> **REQUIREMENT**:
Keep the pictures out while you transcribe the listing below exactly.

········

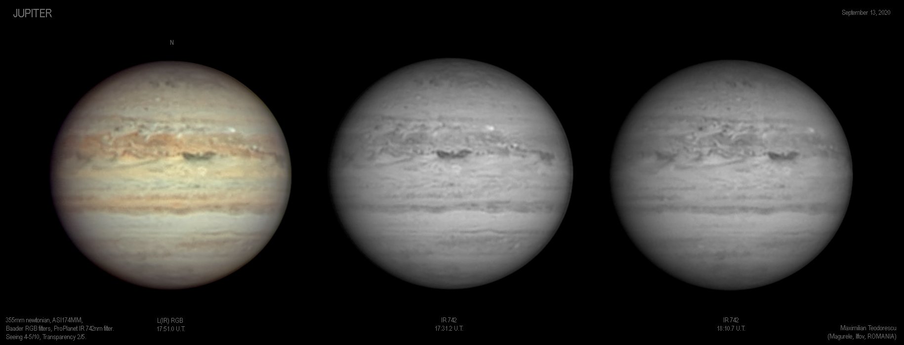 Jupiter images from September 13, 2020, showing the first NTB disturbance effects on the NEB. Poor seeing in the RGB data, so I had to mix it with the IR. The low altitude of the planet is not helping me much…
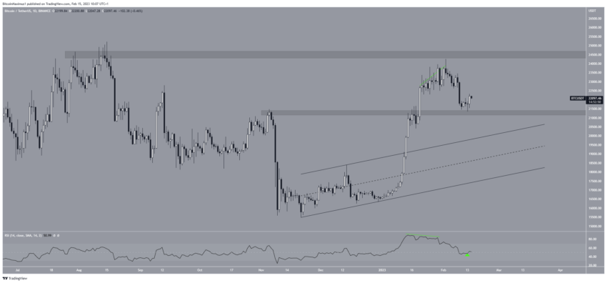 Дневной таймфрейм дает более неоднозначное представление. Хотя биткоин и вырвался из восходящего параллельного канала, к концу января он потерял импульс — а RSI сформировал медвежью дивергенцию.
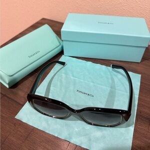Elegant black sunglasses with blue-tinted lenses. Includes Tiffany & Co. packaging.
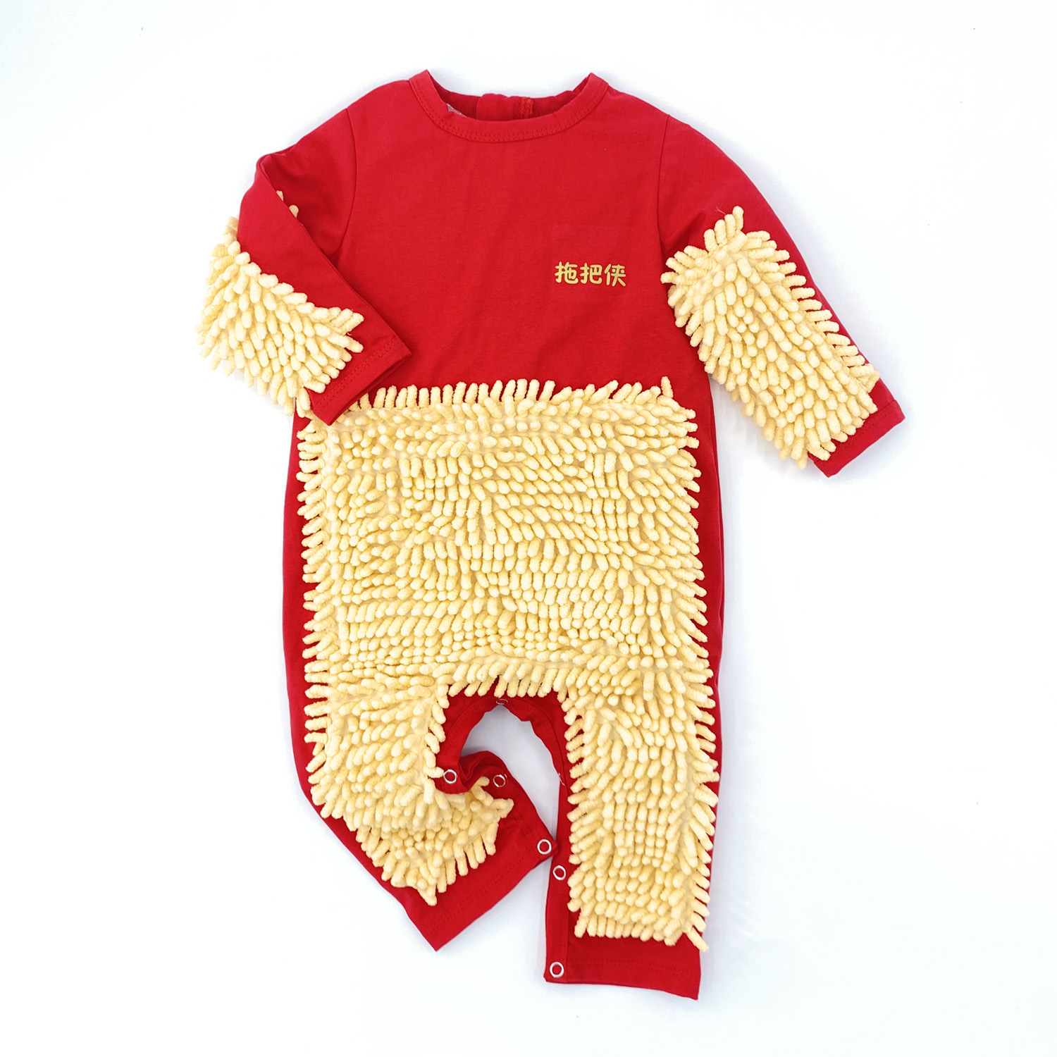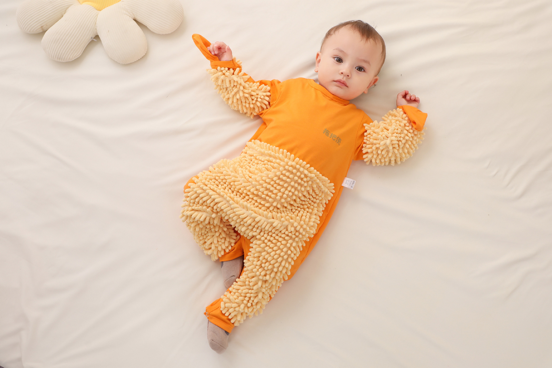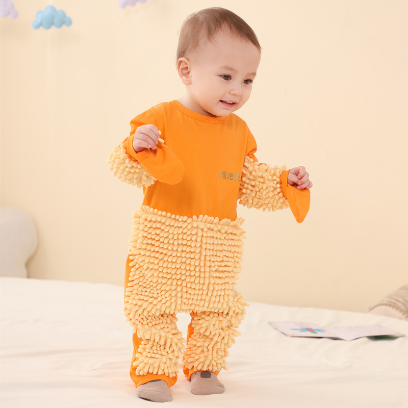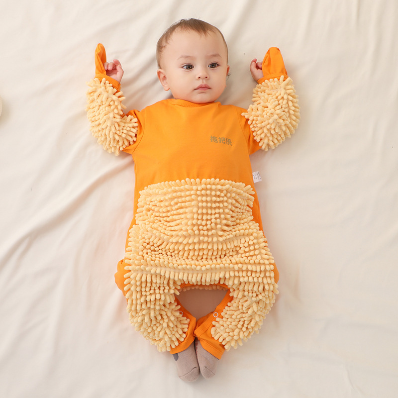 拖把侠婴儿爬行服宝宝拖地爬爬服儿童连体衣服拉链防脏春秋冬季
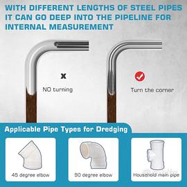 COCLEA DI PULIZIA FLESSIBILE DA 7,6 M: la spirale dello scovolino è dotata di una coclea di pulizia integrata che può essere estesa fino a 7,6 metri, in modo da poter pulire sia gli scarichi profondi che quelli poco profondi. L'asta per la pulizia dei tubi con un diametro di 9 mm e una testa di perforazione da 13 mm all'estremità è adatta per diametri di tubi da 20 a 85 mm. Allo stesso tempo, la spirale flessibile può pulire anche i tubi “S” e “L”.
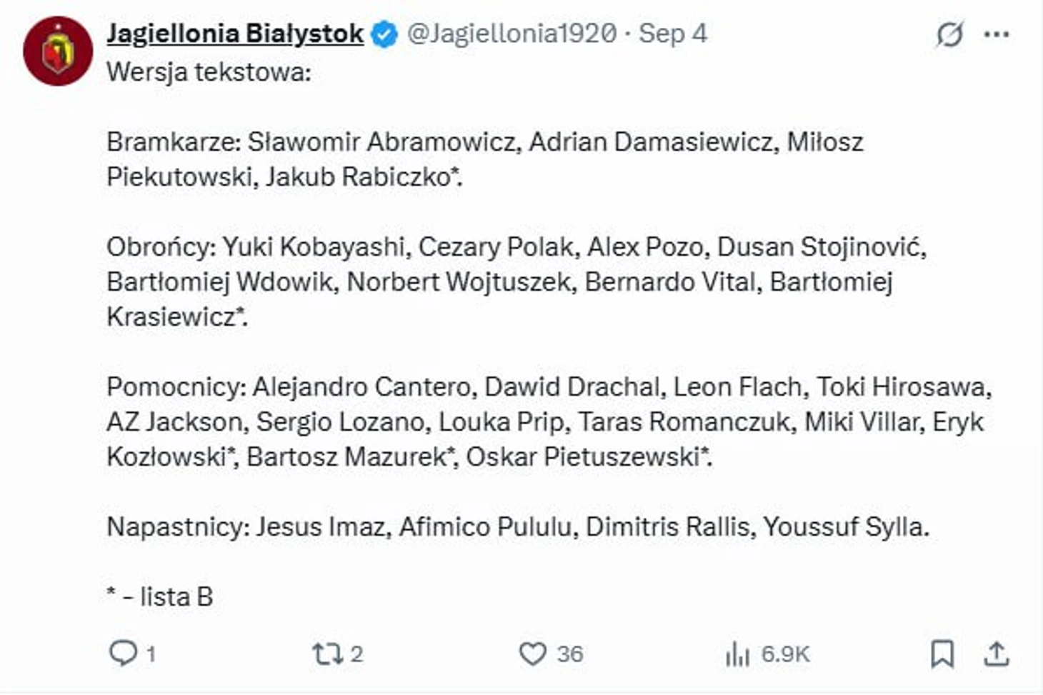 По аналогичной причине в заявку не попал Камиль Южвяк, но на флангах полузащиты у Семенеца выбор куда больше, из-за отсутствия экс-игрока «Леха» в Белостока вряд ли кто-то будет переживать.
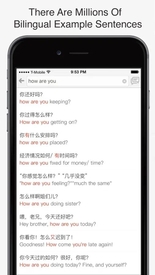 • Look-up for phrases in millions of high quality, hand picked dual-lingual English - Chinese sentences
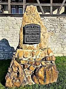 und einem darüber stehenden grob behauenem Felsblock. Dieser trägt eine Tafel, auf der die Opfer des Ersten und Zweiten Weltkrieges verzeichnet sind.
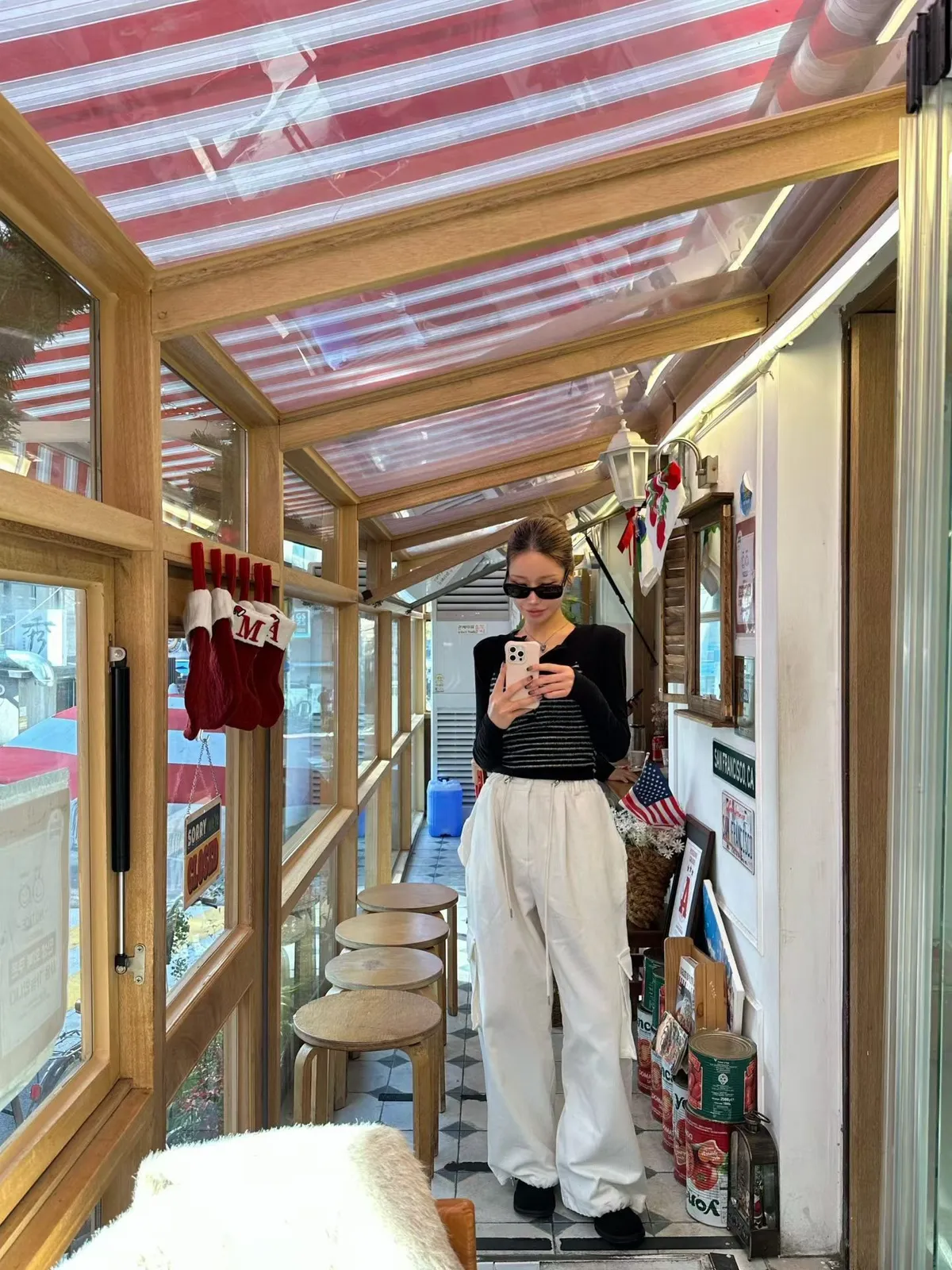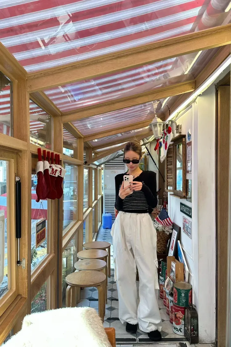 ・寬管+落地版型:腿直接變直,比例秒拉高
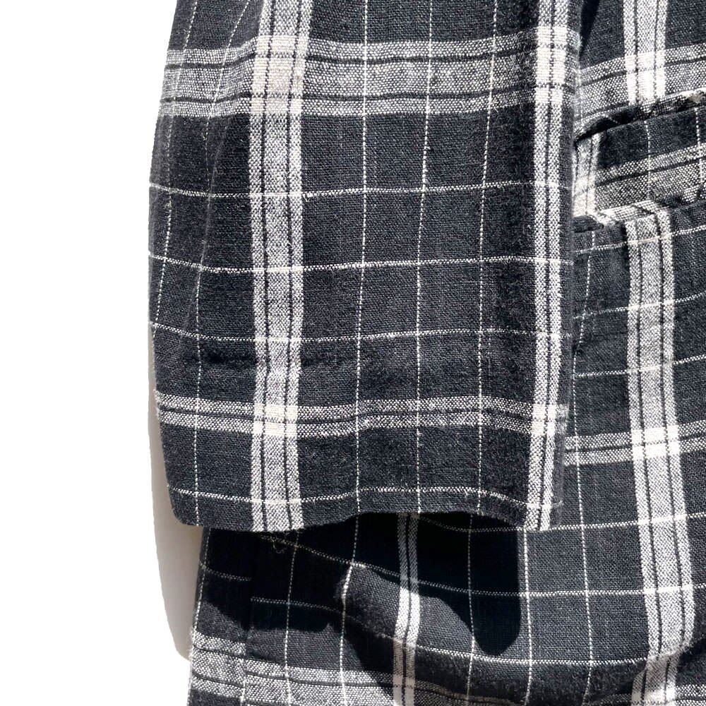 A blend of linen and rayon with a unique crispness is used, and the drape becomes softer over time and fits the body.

········

> **TASK ANSWER**:
 Jupiter images from September 13, 2020, showing the first NTB disturbance effects on the NEB. Poor seeing in the RGB data, so I had to mix it with the IR. The low altitude of the planet is not helping me much…
 Дневной таймфрейм дает более неоднозначное представление. Хотя биткоин и вырвался из восходящего параллельного канала, к концу января он потерял импульс — а RSI сформировал медвежью дивергенцию.
Elegant black sunglasses with blue-tinted lenses. Includes Tiffany & Co. packaging.
 拖把侠婴儿爬行服宝宝拖地爬爬服儿童连体衣服拉链防脏春秋冬季
 COCLEA DI PULIZIA FLESSIBILE DA 7,6 M: la spirale dello scovolino è dotata di una coclea di pulizia integrata che può essere estesa fino a 7,6 metri, in modo da poter pulire sia gli scarichi profondi che quelli poco profondi. L'asta per la pulizia dei tubi con un diametro di 9 mm e una testa di perforazione da 13 mm all'estremità è adatta per diametri di tubi da 20 a 85 mm. Allo stesso tempo, la spirale flessibile può pulire anche i tubi “S” e “L”.
 По аналогичной причине в заявку не попал Камиль Южвяк, но на флангах полузащиты у Семенеца выбор куда больше, из-за отсутствия экс-игрока «Леха» в Белостока вряд ли кто-то будет переживать.
 • Look-up for phrases in millions of high quality, hand picked dual-lingual English - Chinese sentences
 und einem darüber stehenden grob behauenem Felsblock. Dieser trägt eine Tafel, auf der die Opfer des Ersten und Zweiten Weltkrieges verzeichnet sind.
 ・寬管+落地版型:腿直接變直,比例秒拉高
 A blend of linen and rayon with a unique crispness is used, and the drape becomes softer over time and fits the body.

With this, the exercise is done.